DATA SHOWN
● ● ●

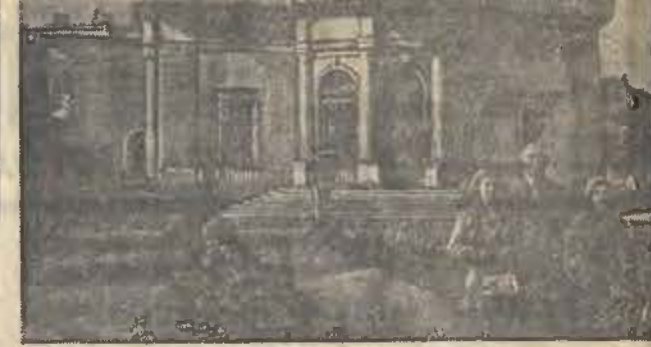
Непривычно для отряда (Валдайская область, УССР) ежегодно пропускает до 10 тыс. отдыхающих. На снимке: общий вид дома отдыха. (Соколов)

● ● ●

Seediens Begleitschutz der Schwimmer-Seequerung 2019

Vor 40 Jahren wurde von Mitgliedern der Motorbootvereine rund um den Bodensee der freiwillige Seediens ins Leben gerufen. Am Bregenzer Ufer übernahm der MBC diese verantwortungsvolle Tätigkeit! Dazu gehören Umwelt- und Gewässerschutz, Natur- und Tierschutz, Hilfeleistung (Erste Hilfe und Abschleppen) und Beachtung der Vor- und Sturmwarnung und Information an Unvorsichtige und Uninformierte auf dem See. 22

● ● ●

WHAT IS REQUIRED
Return, from the data, each line that has the word "Seediens" in it.

ANSWER SECTION
Seediens Begleitschutz der Schwimmer-Seequerung 2019
Vor 40 Jahren wurde von Mitgliedern der Motorbootvereine rund um den Bodensee der freiwillige Seediens ins Leben gerufen. Am Bregenzer Ufer übernahm der MBC diese verantwortungsvolle Tätigkeit! Dazu gehören Umwelt- und Gewässerschutz, Natur- und Tierschutz, Hilfeleistung (Erste Hilfe und Abschleppen) und Beachtung der Vor- und Sturmwarnung und Information an Unvorsichtige und Uninformierte auf dem See. 22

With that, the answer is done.